Having the whole server blocked is a big issue if you want to have your app scale beyond a single concurrent user. Fortunately, Shiny's new support of asynchronous processing can be used to remove this behavior. Instead of assigning a value to the reactive value 'result_val', we will instead create a promise to execute the analysis in the future (using the future function) and when it is done assign it to result_val (using %...>%).

library(shiny)
library(promises)
library(future)
plan(multiprocess)

# Define UI for application that draws a histogram
ui <- fluidPage(
  
  # Application title
  titlePanel("Long Run Async"),
  
  # Sidebar with a slider input for number of bins 
  sidebarLayout(
    sidebarPanel(
      actionButton('run', 'Run')
    ),
    
    # Show a plot of the generated distribution
    mainPanel(
      tableOutput("result")
    )
  )
)

server <- function(input, output) {
  N <- 10
  
  result_val <- reactiveVal()
  observeEvent(input$run,{
    result_val(NULL)
    future({
      print("Running...")
      for(i in 1:N){
        Sys.sleep(1)
      }
      quantile(rnorm(1000))
    }) %...>% result_val()
  })
  output$result <- renderTable({
    req(result_val())
  })
}

# Run the application 
shinyApp(ui = ui, server = server)

 

Screen Shot 2018-07-30 at 11.20.04 AM

 

When "Run" is clicked, the UI is now blocked only for the individual performing the analysis. Other users will be able to perform analyses of there own concurrently.

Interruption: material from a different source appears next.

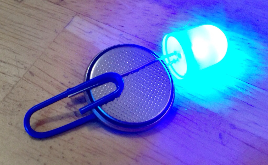 The paperclips actually help hold the LED leads in place; we put tape around them as usual, though that’s not shown in the picture. The plastic coating keeps the paperclip from shorting out the positive and negative battery terminals.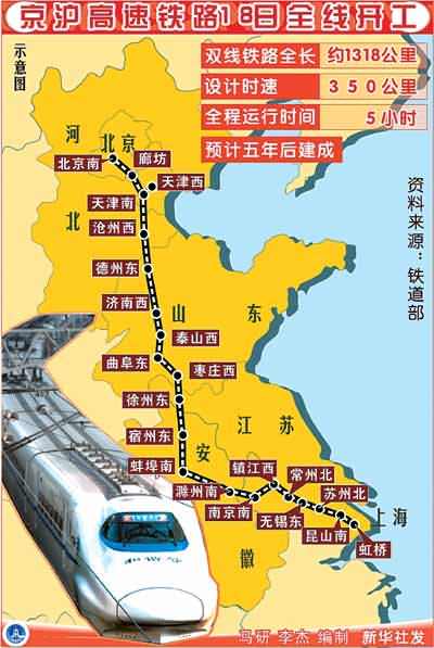 近日開工的京滬高速鐵路將創(chuàng)造多個(gè)世界及中國“之最”。

That said, we still have some undesirable properties:

  • If "Run" is clicked multiple times, the analysis is run back to back.
  • There is no way to cancel the calculation.
  • The user cannot monitor progress. Shiny's progress bar updates do not support calling them from within future, so we've had to remove the progress bar from the UI. This is not a huge problem for tasks that take a few seconds, but for those that take minutes or hours, not knowing how long until the results show up can be very frustrating.

Third Time Is the Charm

In order to solve the cancel and monitoring problems, we need to be able to communicate between the app and the inside of the promise. This can be accomplished with the use of a file, where progress and interrupt requests are read and written. If the user clicks the cancel button, "interrupt" is written to the file. During the course of the computation the analysis code checks whether interrupt has been signaled and if so, throws an error. If no interrupt has been requested, the analysis code writes its progress to the file. If Status is clicked, Shiny reads the file and notifies the user of its contents.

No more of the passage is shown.